“It’s the job that’s never started that takes the longest to finish.” J.R.R. Tolkien
I have been putting off writing this article for no apparent reason.
And I am not even the procrastinator in our home. My husband is!
Procrastination is the enemy of good financial planning.
For those who procrastinate, tomorrow is always a better day to start to making better financial decisions about saving and investing. Procrastinators voluntarily delay doing something like paying their bills, despite knowing they will be worse off due to the delay.
College students are big procrastinators
Procrastination tends to be particularly prevalent among college students. An estimated 25%-75% procrastinate on academic work. As a professor, I can attest to grappling with students handing in assignments well after deadlines despite having known the due dates at the start of the term, and amplified often by me in the classroom.

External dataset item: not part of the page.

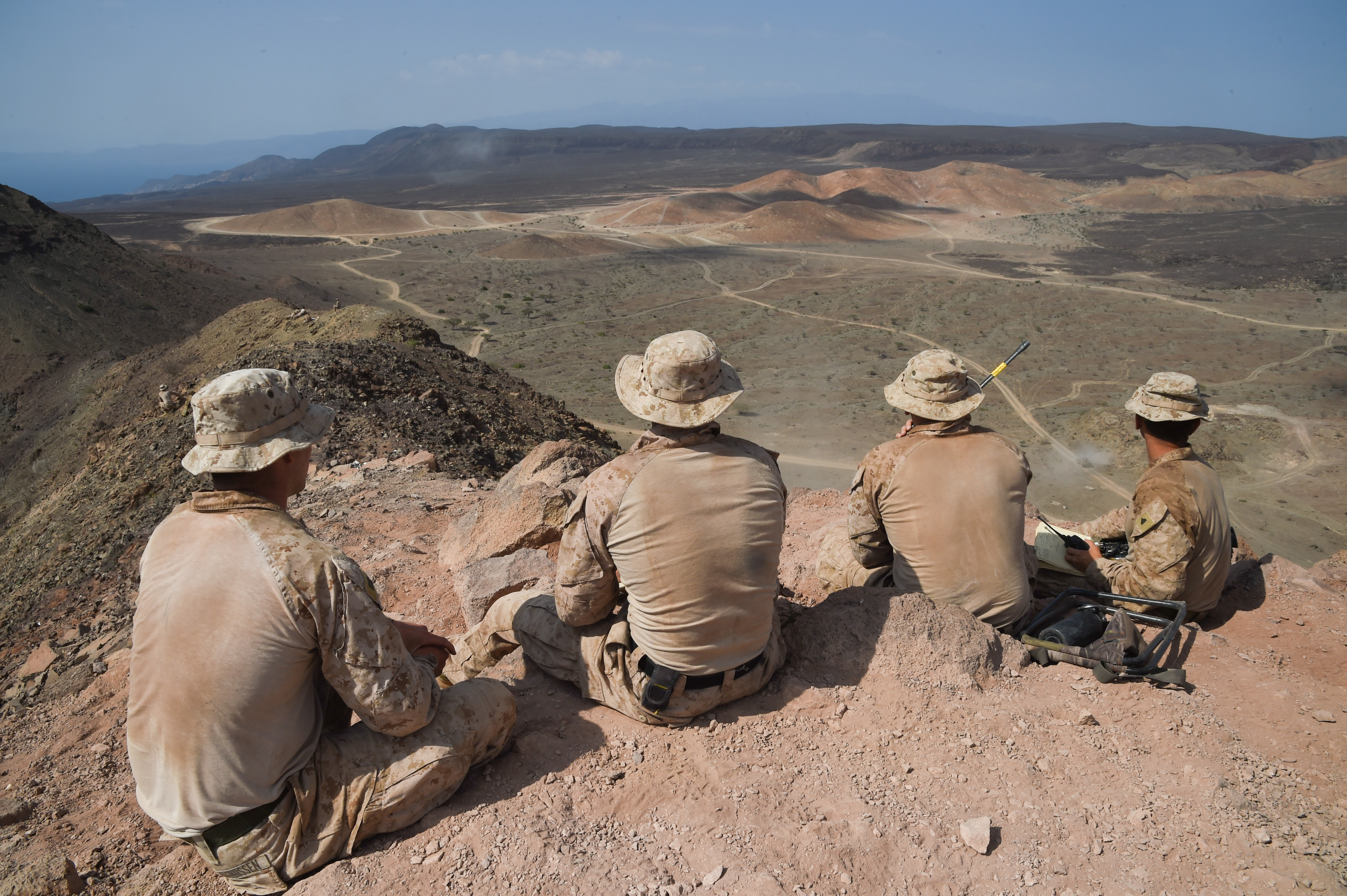 U.S. Marine Corps members with 1st Air Naval Gunfire Liaison Company (ANGLICO), 11th Marine Expeditionary Unit (MEU), wait to communicate with players during a helo-borne raid on the range during Exercise Alligator Dagger, Dec. 18, 2016, at Arta Plage, Djibouti. The exercise allows opportunities for the 11th MEU to maintain their respective skills and proficiencies while intermittently participating in bilateral training with the French. (U.S. Air National Guard photo by Staff Sgt. Penny Snoozy)

Ferrari, Johnson, and McGown have written academic research on students and their tendencies to:
- appropriate too little time to perform tasks;
- overestimate how motivated they will be in the future, and
- mistakenly assume that they need to be in the right mind to do the project.
It’s not just college students who procrastinate. According to Ferrari, 20% of US adults are chronic procrastinators. Delaying is part of their lifestyle.
Surveys show employees often put off opting into an employer-sponsored retirement plan because they are confused by choices given. Yet, they often are aware that they can make future changes to their plan.
Behavioral economics refer to procrastinators as having “present bias” tendencies. They frequently overweight today with instant gratification and underweight resulting pain and losses in the future.
Academic research is plentiful in confirming that procrastination is a significant predictor of impulsive financial behavior and poor financial planning.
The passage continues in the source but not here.